Examples of verification code can be found in the SDSoC Examples available on the Xilinx GitHub repository. The following code is from the mmultadd example available in the <install_dir>/SDx/<version>/samples folder. The main.cpp file defines methods to calculate golden data for the matrix addition (madd_golden) and multiplication (mmult_golden). The code for mmult_golden is provided below:
void mmult_golden(float *A,  float *B, float *C)
{
     for (int row = 0; row < N; row++) {
          for (int col = 0; col < N; col++) {
               float result = 0.0;
               for (int k = 0; k < N; k++) {
                    result += A[row*N+k] * B[k*N+col];
               }
               C[row*N+col] = result;
          }
     }
}

Note that the function is essentially the same as the hardware function, mmult, which accelerates the matrix multiplication in the PL region of the device, while adding a few techniques such as array partitioning and pipelining to achieve optimal performance. The mmult_golden simply calculates the expected value as golden data to be compared against the results returned by the accelerated function.

Finally, within the mmult_test function, the verification process is called to generate the golden data and compare it to the results generated by the accelerated hardware functions. This section of the code is provided below:
int mmult_test(float *A,  float *B, float *C, float *D, float *D_sw) 
{
    std::cout << "Testing " << NUM_TESTS << " iterations of " << N << "x" 
        << N << " floating point mmultadd..." << std::endl;

    perf_counter hw_ctr, sw_ctr;
     
    for (int i = 0; i < NUM_TESTS; i++) 
    {
        init_arrays(A, B, C, D, D_sw);

        float tmp[N*N], tmp1[N*N];
        sw_ctr.start();
        mmult_golden(A, B, tmp);
        madd_golden(tmp, C, D_sw);
        sw_ctr.stop();

        hw_ctr.start();
        mmult(A, B, tmp1);
        madd(tmp1, C, D);
        hw_ctr.stop();

        if (result_check(D, D_sw))
            return 1;
     }

     //Example performance measurement code removed
}

Performance Estimation

In some cases, knowing the wall-clock time of the functions that can be turned into hardware functions might be necessary. You can accurately measure the execution time of functions by using special SDSoC API calls that measure activity based off of the free running clock of the Arm processor. The API functions include sds_clock_counter() and sds_clock_frequency(). These functions can be used to log the start and end times of a function. The function sds_clock_counter() returns the value of the free running clock register, while the function sds_clock_frequency() returns the speed in ticks/second of the Arm processor. See the SDSoC Environment API for more information on these functions.

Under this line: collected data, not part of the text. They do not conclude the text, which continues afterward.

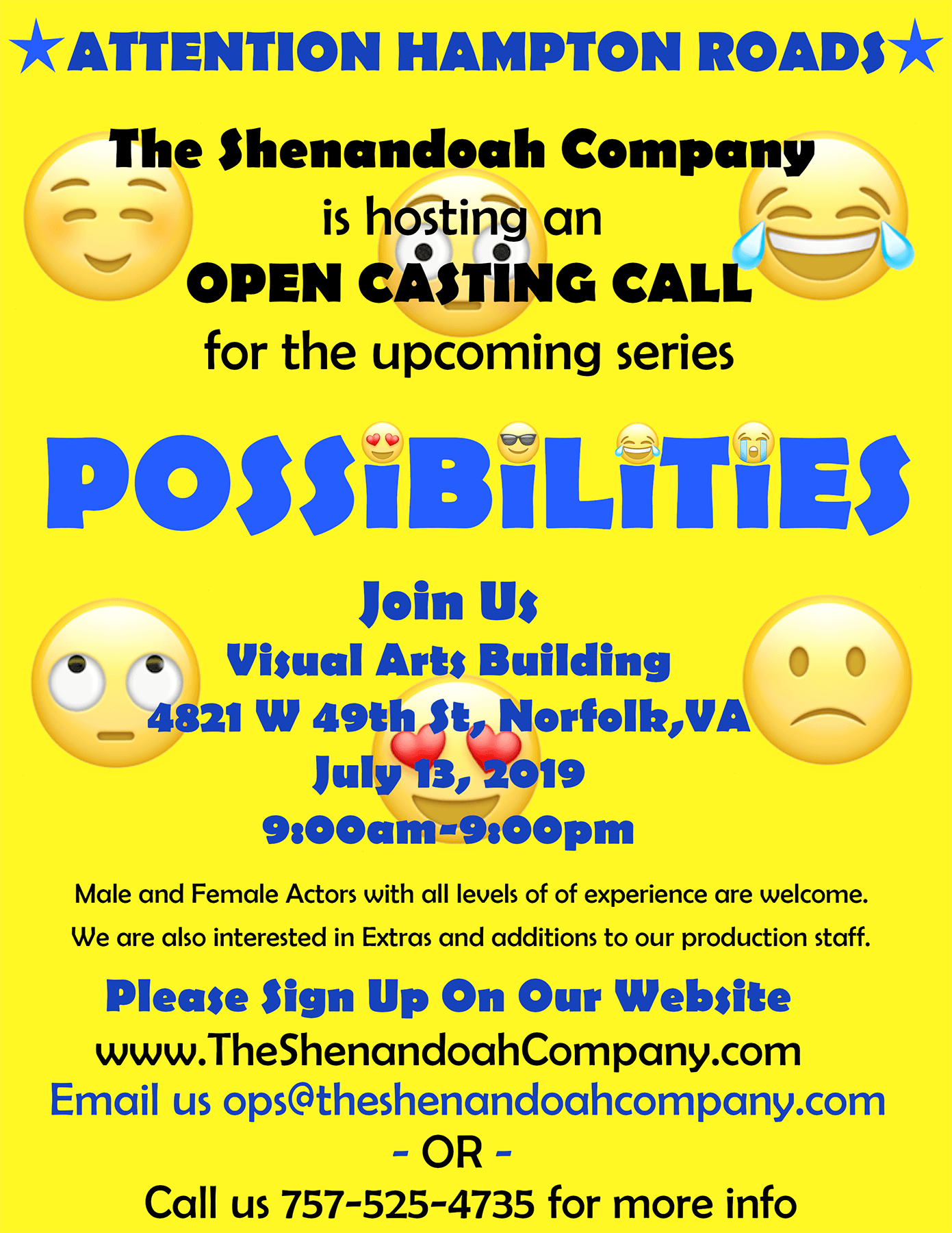 Possibilities Location: Virginia Beach/ Norfolk/ Chesapeake, VA Type: Film CASTING CALL The Shenandoah Company Presents “POSSIBILITIES” Casting Date: July 13, 2019 Casting Times: 9AM – 9PM Casting Location: Visual Arts Bldg , 4821 W 49th St, Norfolk, VA Who We Are Looking For: Male and female actors age 18-35 all ethnicities and with any level… Read More »
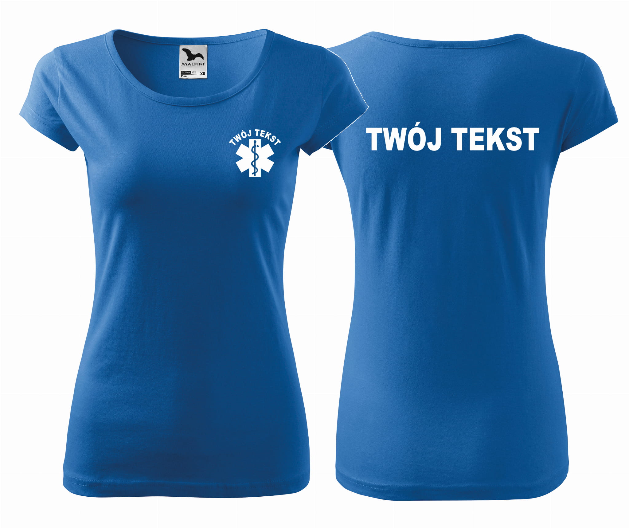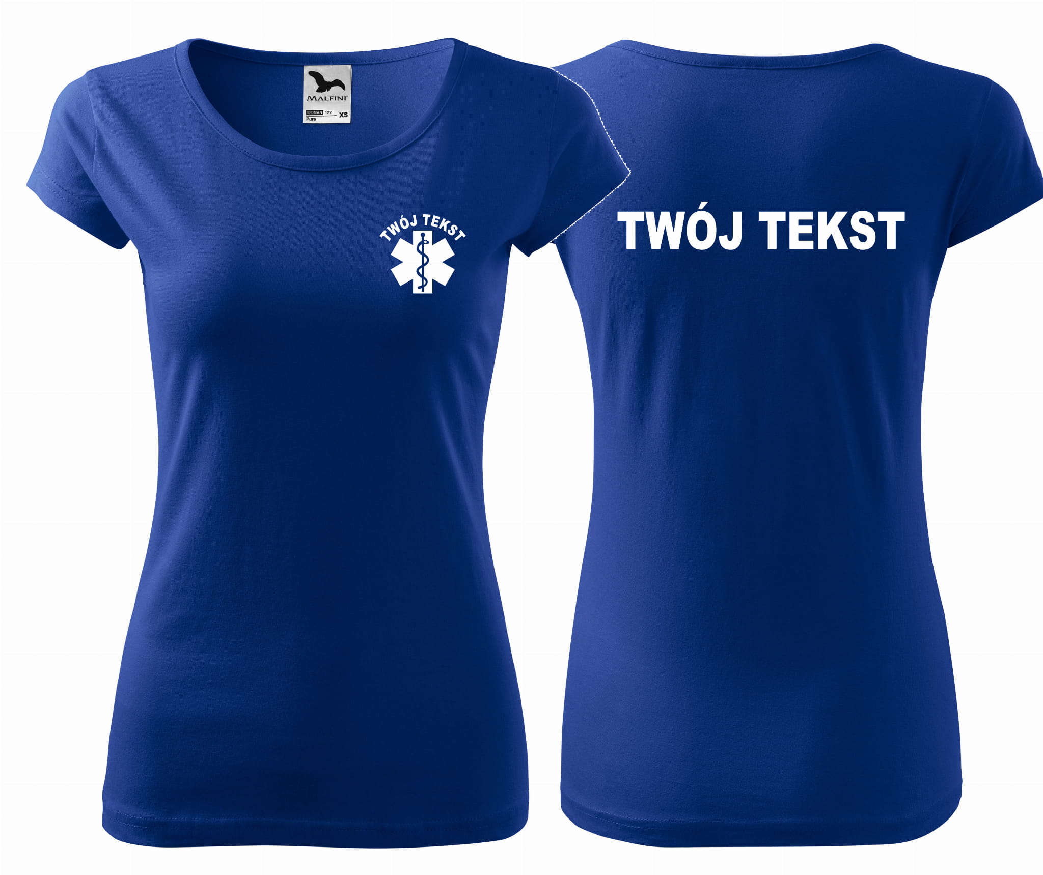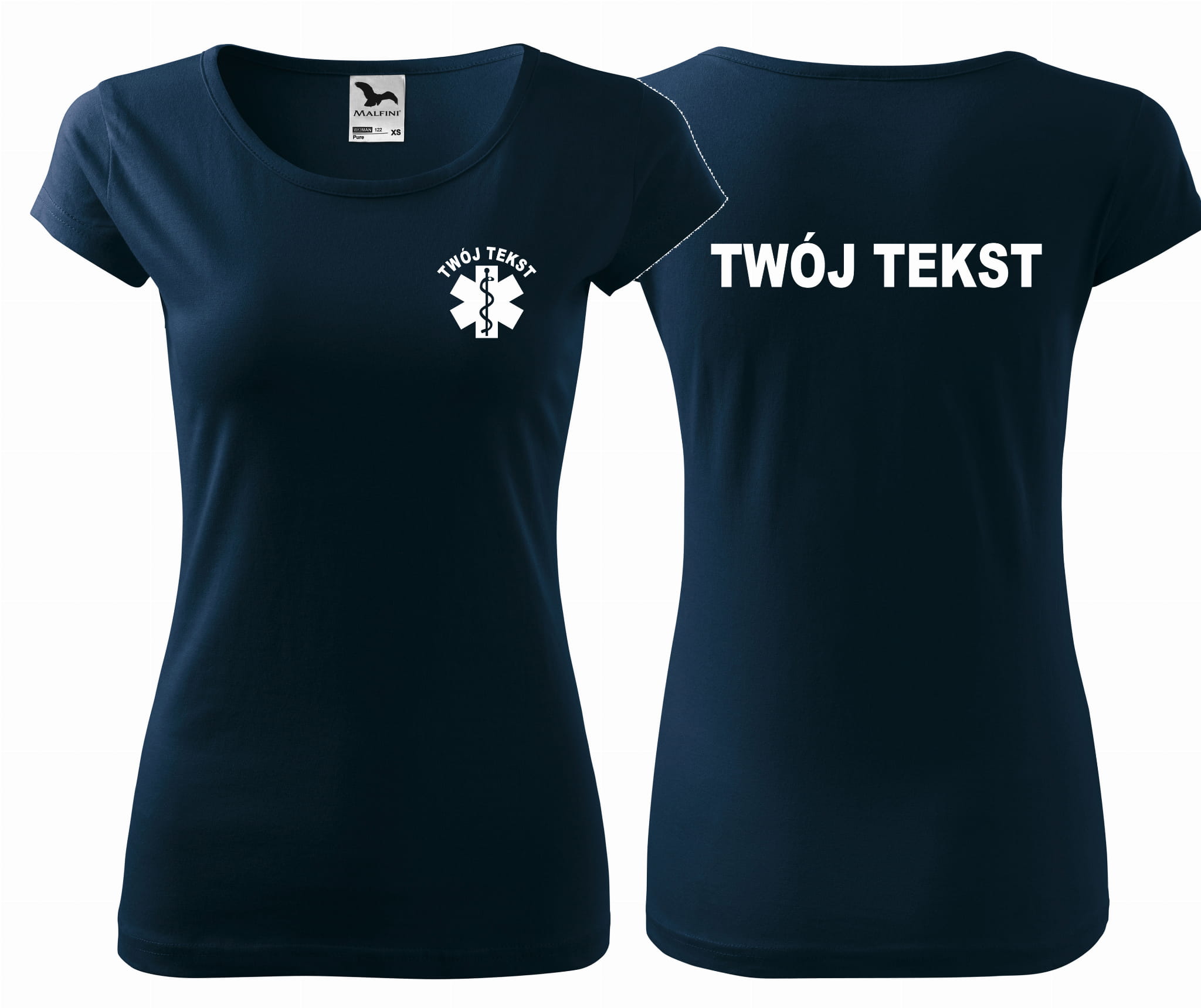 Koszulka damska PURE TWÓJ TEKST + ESKULAP nadruk PRZÓD I TYŁ
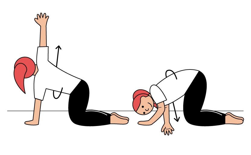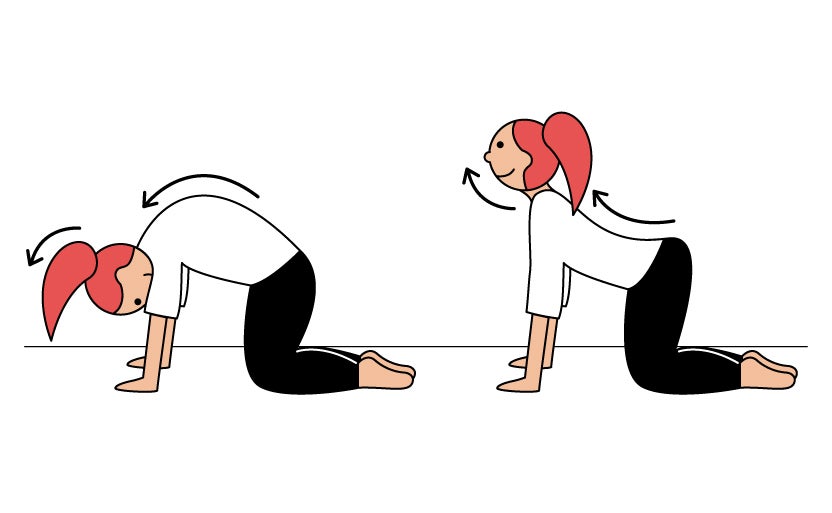 Colóquese a cuatro patas, con las manos y las rodillas paralelas y la espalda recta. Durante la inhalación, levante la cabeza y el sacro hacia arriba. En la exhalación, invierta la postura formando un arco. Repita realizando varias respiraciones.

Note: sds_clock_frequency() is a high performance counter and offers a fine-grained measurement of events.
A performance counter class is provided in the sds_util.h available with the SDSoC Examples on the Xilinx GitHub repository. The perf_counter includes methods for capturing the start and stop clock times, and the number of function calls, as shown below:
#include "sds_lib.h"

class perf_counter
{
public:
     uint64_t tot, cnt, calls;
     perf_counter() : tot(0), cnt(0), calls(0) {};
     inline void reset() { tot = cnt = calls = 0; }
     inline void start() { cnt = sds_clock_counter(); calls++; };
     inline void stop() { tot += (sds_clock_counter() - cnt); };
     inline uint64_t avg_cpu_cycles() { return ((tot+(calls>>1)) / calls); };
};

You can also use the avg_cpu_cycles() method to return the equivalent number of average cycles the task took in CPU cycle count.